Return, exactly and with nothing added, the line with "low-temperature pervaporation desalination" together with all lines after it through the end of the data below. No pictures belong in the copy.
-=-=-
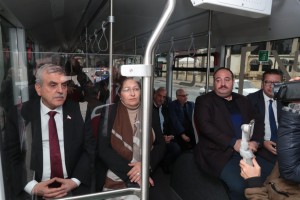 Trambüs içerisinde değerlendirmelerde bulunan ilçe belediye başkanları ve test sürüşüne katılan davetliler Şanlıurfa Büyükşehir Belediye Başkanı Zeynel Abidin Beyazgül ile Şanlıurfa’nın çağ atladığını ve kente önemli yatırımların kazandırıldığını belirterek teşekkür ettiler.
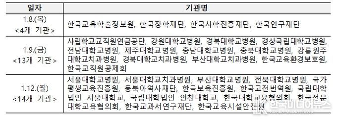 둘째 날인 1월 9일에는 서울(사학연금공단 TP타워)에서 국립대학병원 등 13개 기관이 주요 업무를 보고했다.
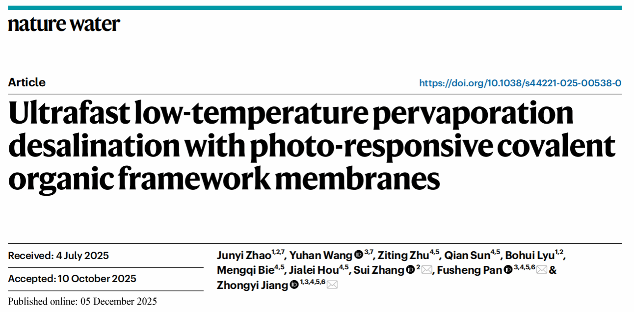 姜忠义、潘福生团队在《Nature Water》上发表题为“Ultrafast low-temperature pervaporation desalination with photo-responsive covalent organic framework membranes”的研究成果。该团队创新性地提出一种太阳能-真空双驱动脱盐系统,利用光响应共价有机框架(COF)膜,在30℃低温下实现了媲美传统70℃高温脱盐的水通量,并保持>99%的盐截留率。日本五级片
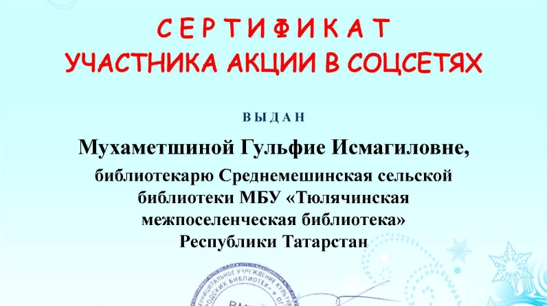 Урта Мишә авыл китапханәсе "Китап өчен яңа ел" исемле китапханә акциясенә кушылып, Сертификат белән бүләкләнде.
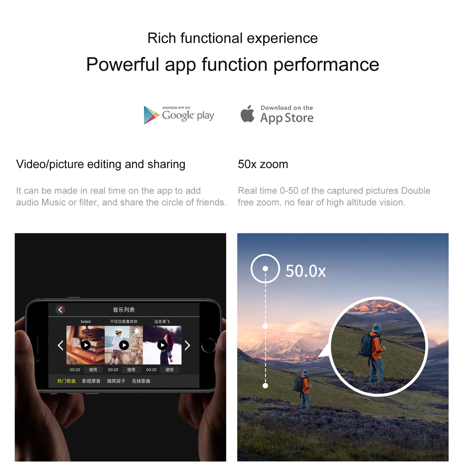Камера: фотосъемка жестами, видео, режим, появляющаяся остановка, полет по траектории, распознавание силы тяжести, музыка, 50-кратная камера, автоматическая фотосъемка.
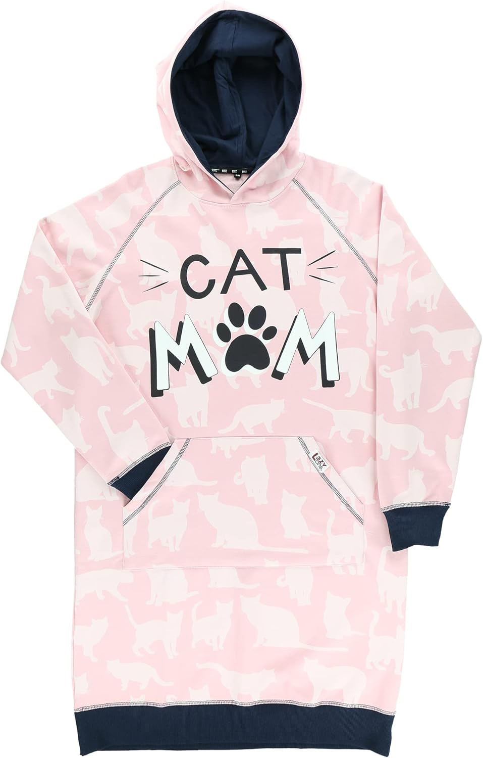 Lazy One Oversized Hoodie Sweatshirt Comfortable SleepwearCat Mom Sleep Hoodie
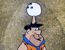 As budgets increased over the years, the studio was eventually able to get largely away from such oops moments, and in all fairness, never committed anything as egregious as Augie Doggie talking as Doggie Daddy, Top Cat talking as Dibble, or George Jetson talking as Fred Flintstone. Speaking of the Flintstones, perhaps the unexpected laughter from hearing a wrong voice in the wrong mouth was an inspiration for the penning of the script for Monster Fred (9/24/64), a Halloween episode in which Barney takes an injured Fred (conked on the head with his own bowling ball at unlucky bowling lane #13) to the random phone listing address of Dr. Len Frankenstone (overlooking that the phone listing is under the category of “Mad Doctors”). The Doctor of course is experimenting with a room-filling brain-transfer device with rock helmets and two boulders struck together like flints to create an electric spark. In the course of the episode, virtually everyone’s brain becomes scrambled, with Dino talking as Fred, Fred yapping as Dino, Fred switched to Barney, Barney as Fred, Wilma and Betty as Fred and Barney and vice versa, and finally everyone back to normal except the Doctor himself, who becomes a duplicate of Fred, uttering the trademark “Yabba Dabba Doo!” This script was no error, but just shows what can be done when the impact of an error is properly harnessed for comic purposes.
-=-=-
Result below -
 姜忠义、潘福生团队在《Nature Water》上发表题为“Ultrafast low-temperature pervaporation desalination with photo-responsive covalent organic framework membranes”的研究成果。该团队创新性地提出一种太阳能-真空双驱动脱盐系统,利用光响应共价有机框架(COF)膜,在30℃低温下实现了媲美传统70℃高温脱盐的水通量,并保持>99%的盐截留率。日本五级片
 Урта Мишә авыл китапханәсе "Китап өчен яңа ел" исемле китапханә акциясенә кушылып, Сертификат белән бүләкләнде.
Камера: фотосъемка жестами, видео, режим, появляющаяся остановка, полет по траектории, распознавание силы тяжести, музыка, 50-кратная камера, автоматическая фотосъемка.
 Lazy One Oversized Hoodie Sweatshirt Comfortable SleepwearCat Mom Sleep Hoodie
 As budgets increased over the years, the studio was eventually able to get largely away from such oops moments, and in all fairness, never committed anything as egregious as Augie Doggie talking as Doggie Daddy, Top Cat talking as Dibble, or George Jetson talking as Fred Flintstone. Speaking of the Flintstones, perhaps the unexpected laughter from hearing a wrong voice in the wrong mouth was an inspiration for the penning of the script for Monster Fred (9/24/64), a Halloween episode in which Barney takes an injured Fred (conked on the head with his own bowling ball at unlucky bowling lane #13) to the random phone listing address of Dr. Len Frankenstone (overlooking that the phone listing is under the category of “Mad Doctors”). The Doctor of course is experimenting with a room-filling brain-transfer device with rock helmets and two boulders struck together like flints to create an electric spark. In the course of the episode, virtually everyone’s brain becomes scrambled, with Dino talking as Fred, Fred yapping as Dino, Fred switched to Barney, Barney as Fred, Wilma and Betty as Fred and Barney and vice versa, and finally everyone back to normal except the Doctor himself, who becomes a duplicate of Fred, uttering the trademark “Yabba Dabba Doo!” This script was no error, but just shows what can be done when the impact of an error is properly harnessed for comic purposes.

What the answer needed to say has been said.